L’originalité de l’ouvrage n’est bien sûr pas dans ce rappel des faits, mais dans la solution proposée pour sortir de notre paralysie. Un des plus grands paradoxes de notre temps est que nous savons parfaitement ce que nous devrions faire, mais que nous ne le faisons pas.
Au bout du chemin, la désintégration de la société nous attend: «Confrontés à l’urgence planétaire, nous risquons de nous déchirer en factions qui se battent pour ce qui reste du monde que nous avons épuisé.» D’ores et déjà, «plus l’appétit de ressources d’un pays est grand, plus il est probable qu’il fasse la guerre, qu’il ordonne le saccage des forêts pour créer des mines à ciel ouvert et le forage des fonds océaniques pour en extraire le pétrole». Le cercle infernal est en route.
Toutes les images de la Terre prises du ciel, si fragile sur un fond d’immensité de l’univers inhabité et inhabitable, toutes les métaphores du Titanic, paquebot le plus moderne de son temps, fonçant sur l’iceberg mortel pendant que les passagers dansaient dans les salons prétendument insubmersibles, n’y font rien. «(…) Les problèmes du monde sont considérés comme lointains et sans rapport avec les drames de nos vies personnelles; (...) les problèmes des autres peuples, autres nations, et autres espèces ne nous concernent pas.» D’autres disent tout simplement: «Je préfère ne pas y penser.»

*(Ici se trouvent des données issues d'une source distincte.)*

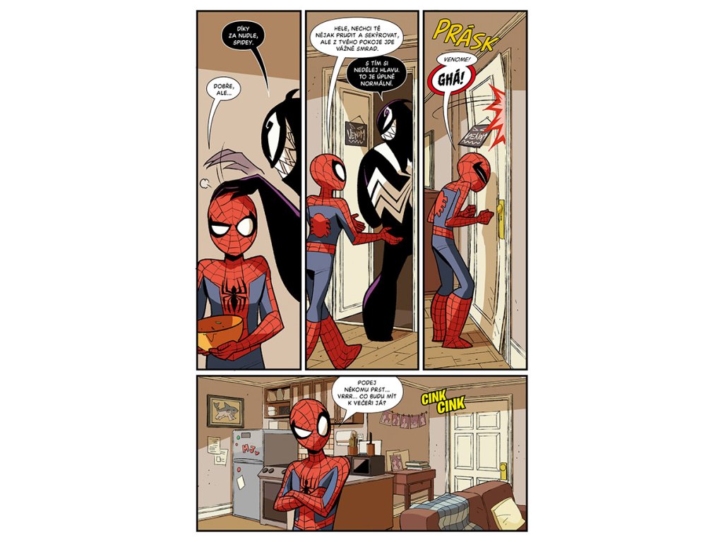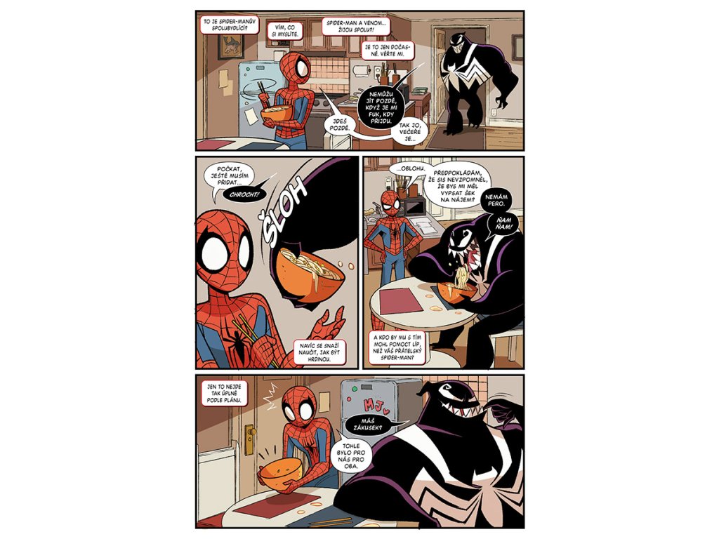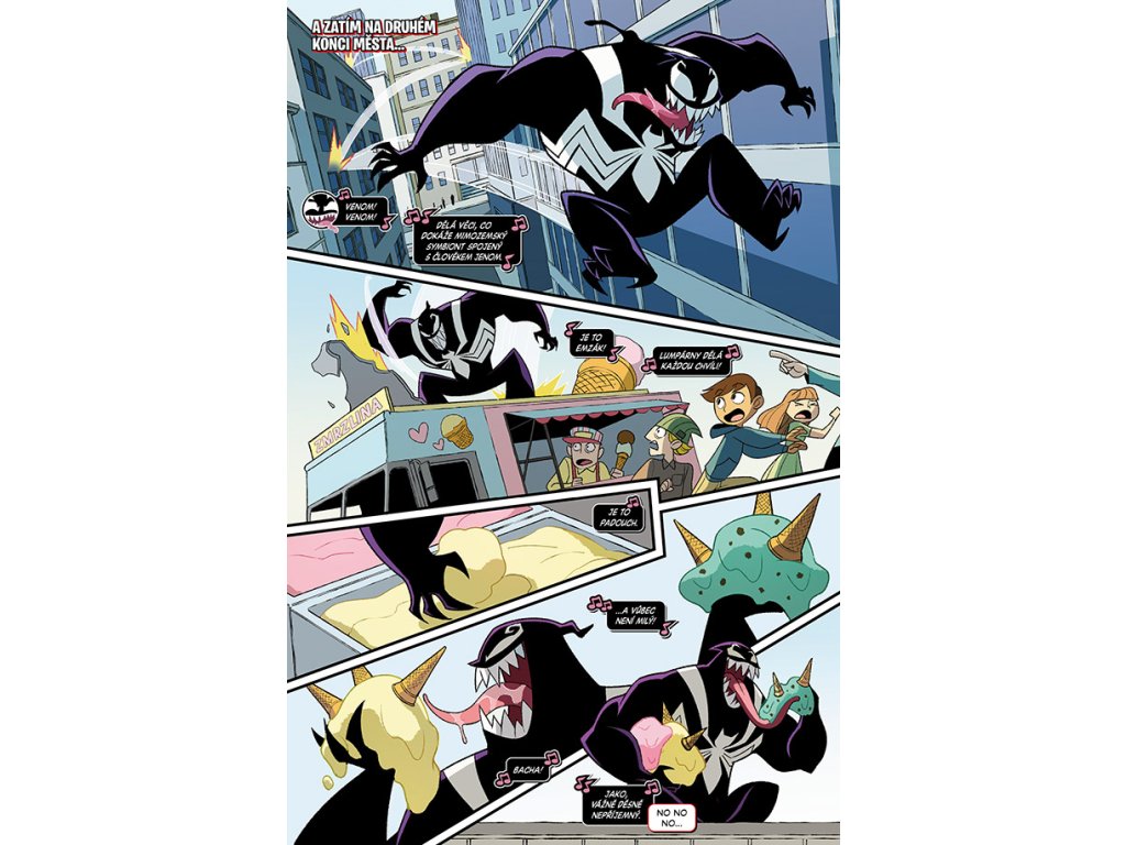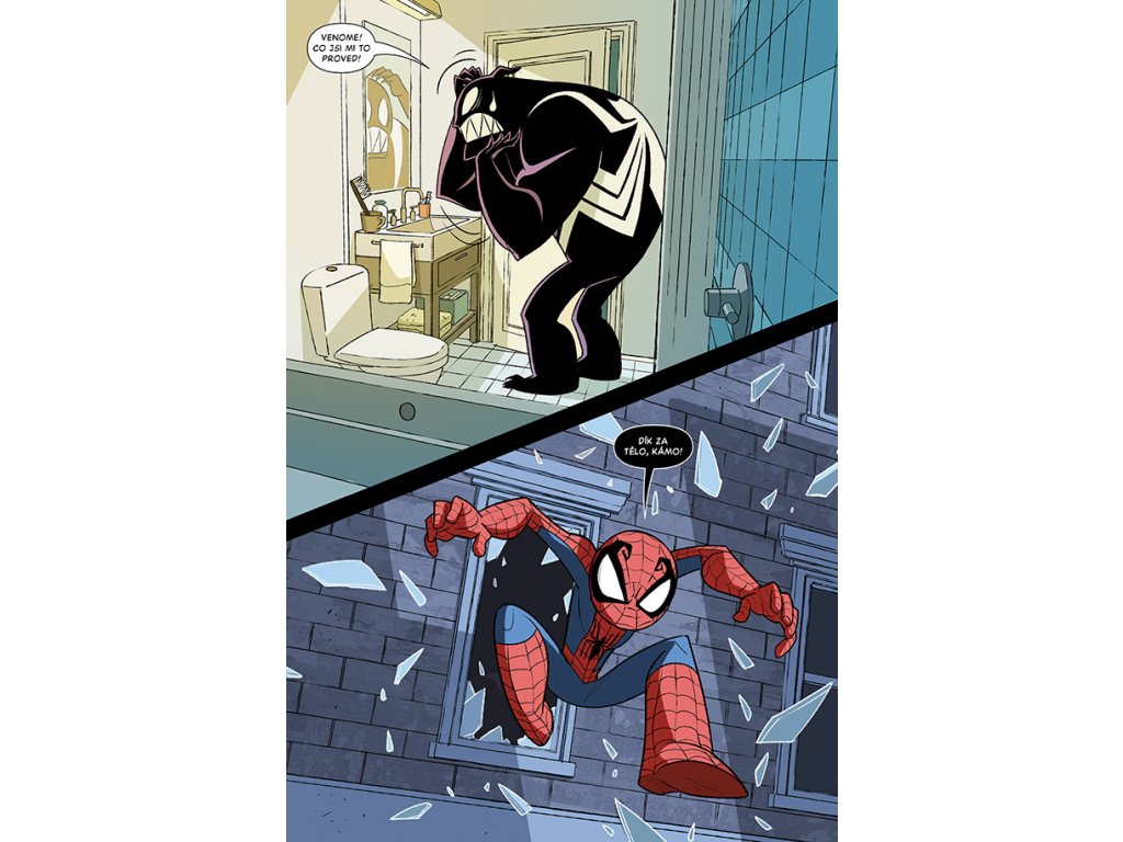 Je to vážně zábava toho nejulítlejšího druhu. Spidey a Venom si navzájem vymění těla. Ale kdo za tímhle šíleným experimentem stojí… a o co mu jde? To se brzy dozvíte sami – v tomhle zbrusu novém příběhu, který je parádně nakreslený ve stylu animovaných grotesek!

Englués dans nos soucis du quotidien, dans notre individualisme et notre immédiateté, nous développons une capacité de refoulement incroyable face aux mauvaises nouvelles qui nous assaillent. Pourtant notre société de consommation, où on trime pour ensuite s’oublier dans la promesse de loisirs réparateurs, ne nous rend pas heureux. «La dépression a atteint des proportions épidémiques (…) Derrière les portes verrouillées se cache une épidémie de solitude qui s’étend sur tout le monde industrialisé.»
Pour casser notre carapace d’indifférence, les auteurs proposent d’accueillir en nous la souffrance de la Terre, de retrouver le lien physique et moral avec tout ce qui y vit: «se reconnaître soi-même comme faisant partie de la plus grande toile de la vie». Les citadins sont particulièrement susceptibles de perdre contact avec cette réalité biologique.
Le changement de cap exige une participation de masse, où chacun tient un rôle. «Je ne peux pas, mais nous le pouvons.» Voilà la signification de l’espérance en mouvement. «Lorsque nous vivons ainsi, l’ennui et le vide, si prédominants dans la société moderne, disparaissent tout simplement. (...) On considère habituellement l’idée de ‹renoncer› ou de ‹réduire› comme lugubre et menaçante. Pourtant (...) les pertes réelles viennent du consumérisme (...). Nous perdons les forêts, les poissons, les abeilles (…) Nous perdons la valeur de l’esprit communautaire et l’étoffe de ce qui donne sens à la vie.»